Switzerland has offered a similarly strong foundation. It provides access to exceptional scientific training, a deep pool of translational and clinical talent, and a life sciences ecosystem that is world-class in its infrastructure and support. As a European hub, it positions us well to engage with leading research institutions, regulatory bodies, and collaborators across the continent.
By operating across two ecosystems that are each globally recognised for different strengths, we have created an organisational model that is both scalable and grounded. It allows us to retain a tight focus on execution while drawing on complementary resources in innovation, talent, and infrastructure.
What are HAYA’s top priorities over the next 12 to 24 months, and what milestones will define this next phase?
Our central priority is to demonstrate that the biology we are advancing can translate meaningfully into patients. We have generated strong preclinical data in large animal models, but the true test lies ahead: showing that modulating dark genome targets can impact fibrosis in people with heart failure. Establishing clinical proof of mechanism will not only mark our transition to a clinical-stage company, it will also validate our broader platform approach.

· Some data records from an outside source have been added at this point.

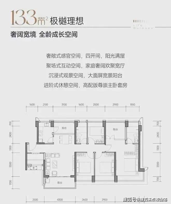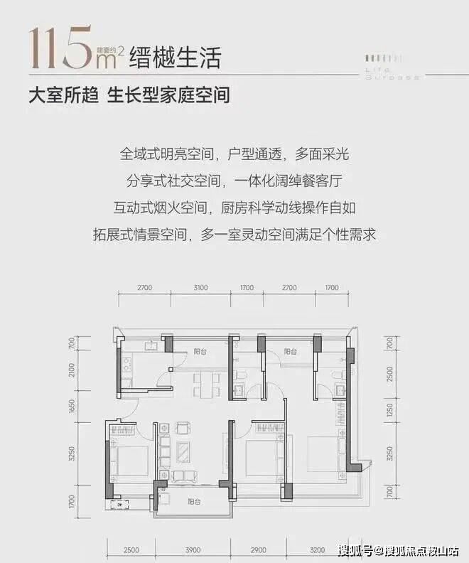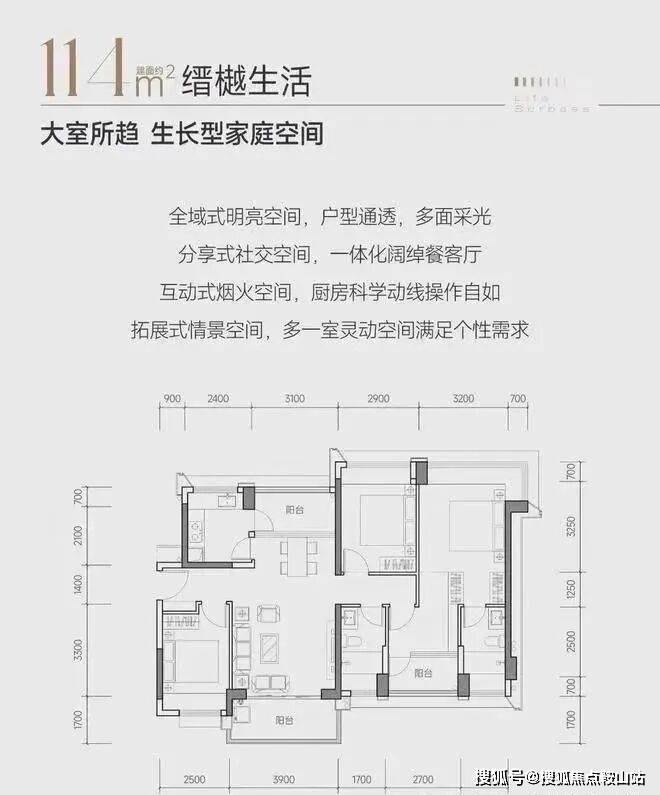 南山新房缙樾府的户型包括建面约 114㎡四房两厅一卫、约 115㎡四房两厅两卫、约 118㎡四房两厅两卫、约 133㎡五房两厅两卫。整个项目只有 2 栋相同平面的 100 米高纯商品住宅,十字型平面布局。114 - 115 - 118㎡四房各两条腿、133㎡五房 2 条腿,东南、西南朝向。全部为南北通户型,十字型布局使得户型采光通风非常好,但缺点是会有对视的情况存在。每户都存在通过阳台改造赠送的空间,改造后使用率基本接近 90%,属于市场上高拓产品。
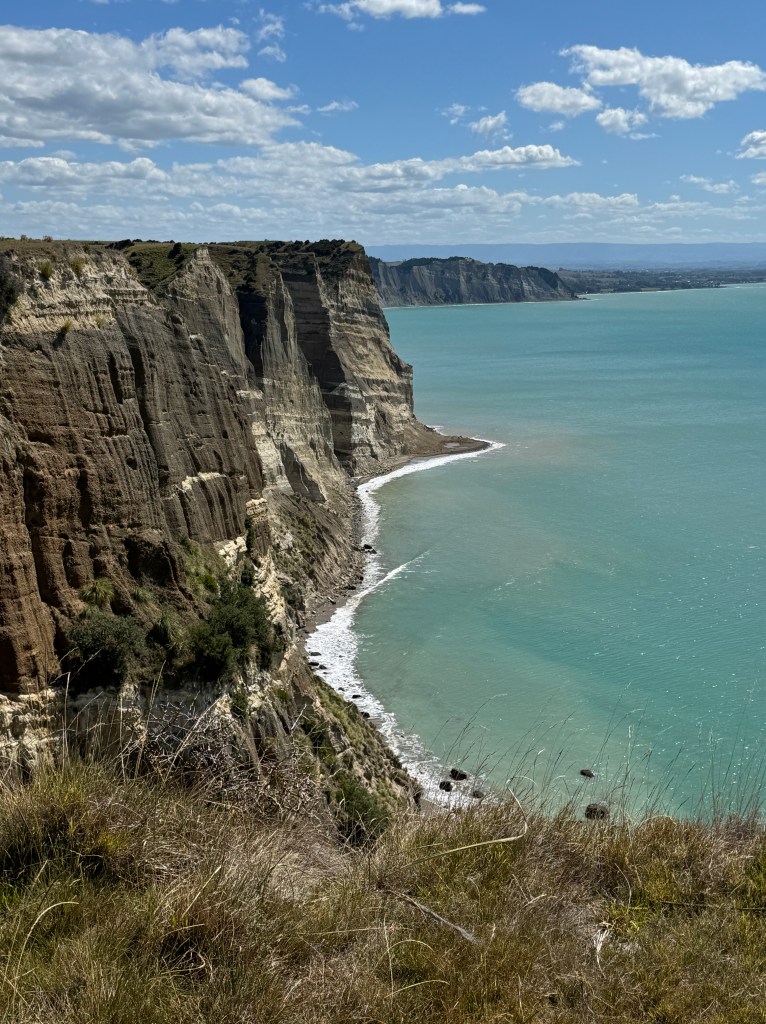 Fern and Larry selected a city tour and I went to Cape Kidnappers, a headlands area 25 miles southeast of Napier. Between Napier and the cape lies a very exclusive resort and golf course aptly named Cape Kidnappers. Two night minimum stays start at US$5000 for two, not including golf which is US$450 per person. Too rich for my purse! I was hoping to at least be able to see some of the golf course on the way by, but it’s situated to take advantage of the amazing ocean and cape views, so only a tiny glimpse of the course is available from the road.
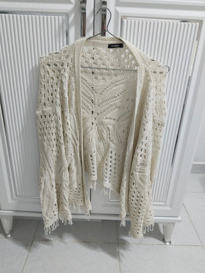 Bu beyaz örgü kadın hırka, bol kesim ve uzun kolludur. Bohem tarzda, desensiz ve midi boydadır. Günlük kullanım için uygundur.
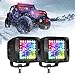 Upgraded: Miti-color 3" 18w Flush mount Led pods with chasing RGB Halo strip, the RGB Halo light& strobe effect controlled by both of remote and Bluetooth APP on Android or iPhone, support RGB light effect Sync with music rhythm in music mode, support DIY light effect. It can light up your dark road, wider your vision and decorate your truck.

This moment is pivotal, as it determines how we scale. If we show that cell-state reprogramming through long non-coding RNAs delivers measurable benefit, the logic of applying our platform to other high-burden diseases becomes clear. Many of these conditions remain underserved because we have yet to address the causal biology that drives them. Our focus is to go upstream, toward the origins of pathological change, and act with precision.
It is worth emphasising that our innovation lies in target-space biology, not delivery technology. Our therapeutic is a naked antisense oligonucleotide, administered without a vector or lipid nanoparticle. The field has invested heavily in delivery, which is important, but we believe the long-term impact will come from identifying and modulating the right targets, those that truly sit at the causal root of disease, that is where we continue to place our focus. In the end, the real innovation lies not only in delivery, but in identifying the right biological target and acting on it with precision.